[[ Dataset section, beginning ]]

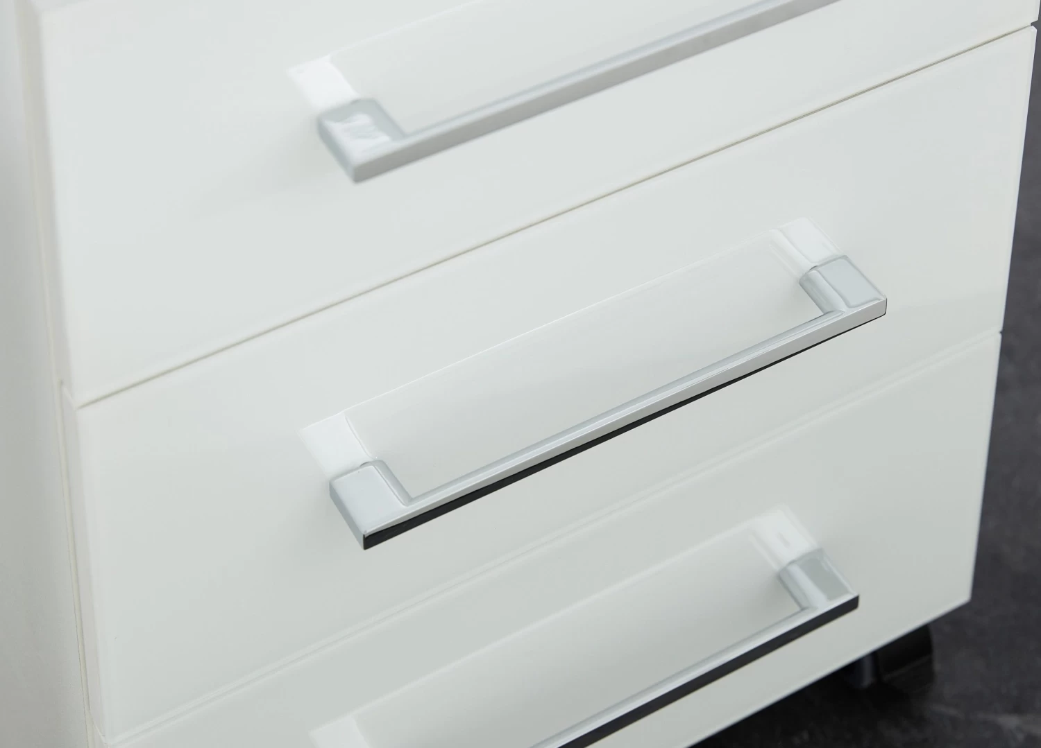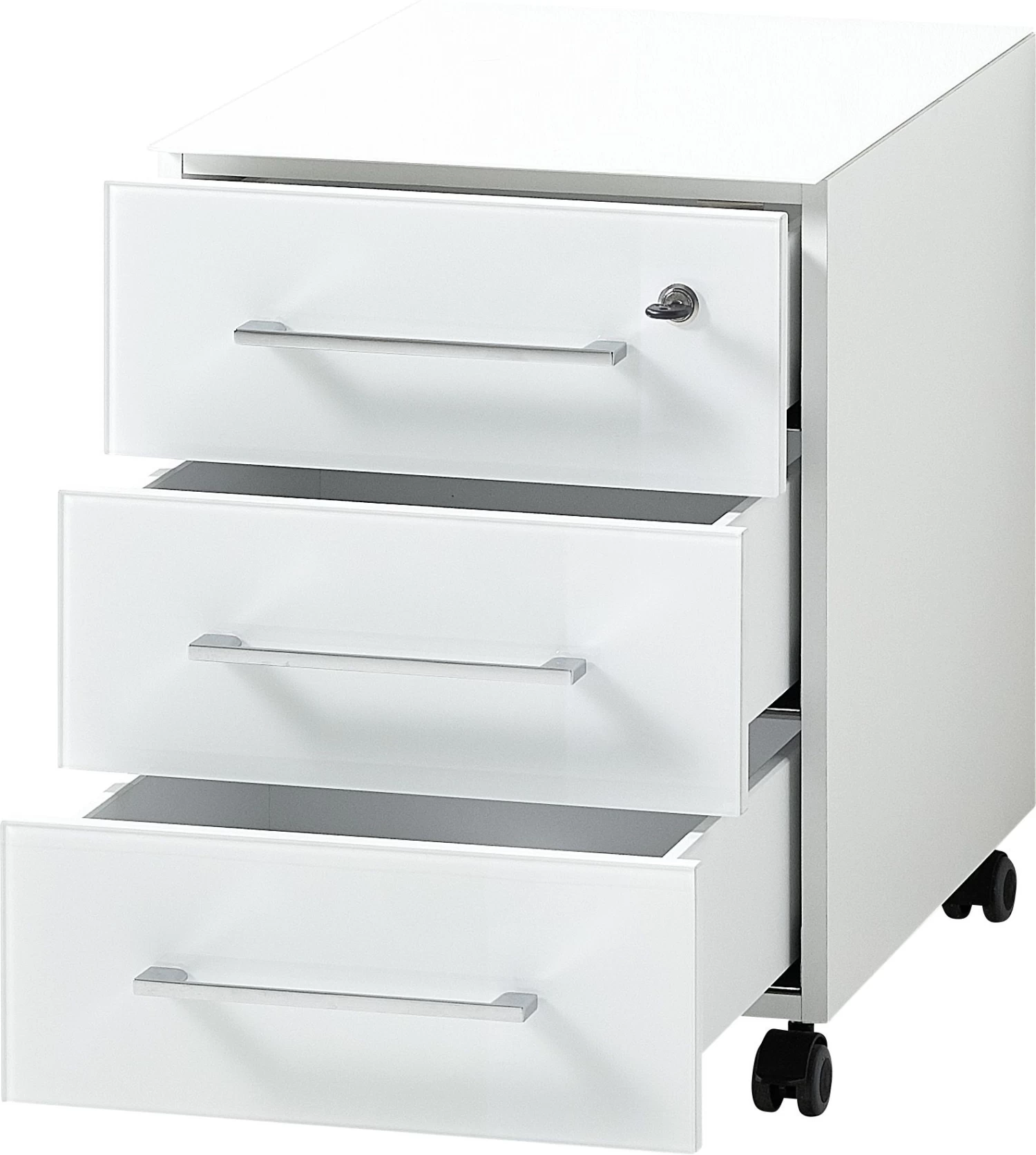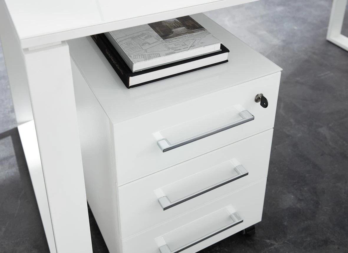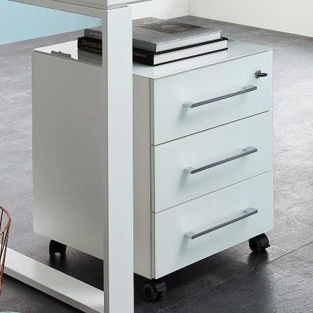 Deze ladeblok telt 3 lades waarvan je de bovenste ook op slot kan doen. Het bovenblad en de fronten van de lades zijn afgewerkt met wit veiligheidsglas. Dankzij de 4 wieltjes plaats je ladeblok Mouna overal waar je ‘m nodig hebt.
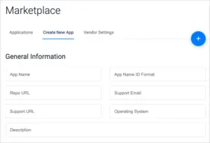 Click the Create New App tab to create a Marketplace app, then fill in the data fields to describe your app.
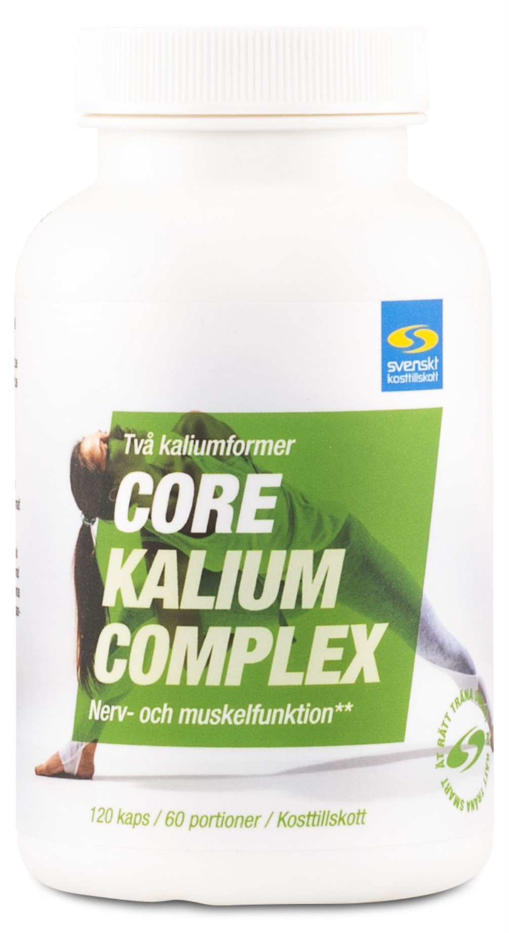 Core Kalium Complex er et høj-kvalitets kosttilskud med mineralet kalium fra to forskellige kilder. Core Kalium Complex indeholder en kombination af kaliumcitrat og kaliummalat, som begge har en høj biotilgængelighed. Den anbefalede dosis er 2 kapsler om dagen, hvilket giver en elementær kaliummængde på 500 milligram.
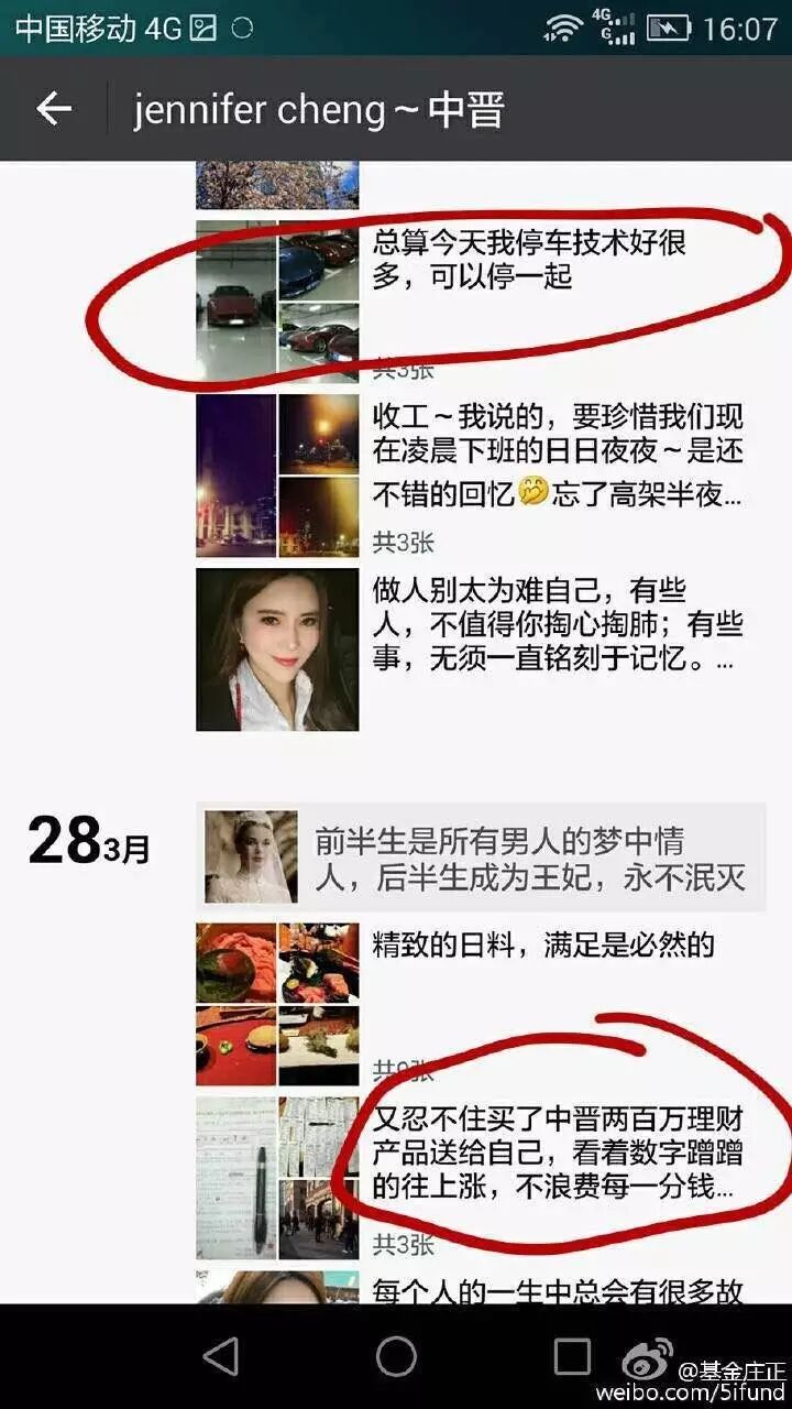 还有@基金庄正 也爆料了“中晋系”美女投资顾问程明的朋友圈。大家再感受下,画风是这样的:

[[ Dataset section, end ]]

◆ Exercise requirements ◆
Retype the whole of the data verbatim. Skip every picture.

◆ Solution to the exercise ◆
 Deze ladeblok telt 3 lades waarvan je de bovenste ook op slot kan doen. Het bovenblad en de fronten van de lades zijn afgewerkt met wit veiligheidsglas. Dankzij de 4 wieltjes plaats je ladeblok Mouna overal waar je ‘m nodig hebt.
 Click the Create New App tab to create a Marketplace app, then fill in the data fields to describe your app.
 Core Kalium Complex er et høj-kvalitets kosttilskud med mineralet kalium fra to forskellige kilder. Core Kalium Complex indeholder en kombination af kaliumcitrat og kaliummalat, som begge har en høj biotilgængelighed. Den anbefalede dosis er 2 kapsler om dagen, hvilket giver en elementær kaliummængde på 500 milligram.
 还有@基金庄正 也爆料了“中晋系”美女投资顾问程明的朋友圈。大家再感受下,画风是这样的:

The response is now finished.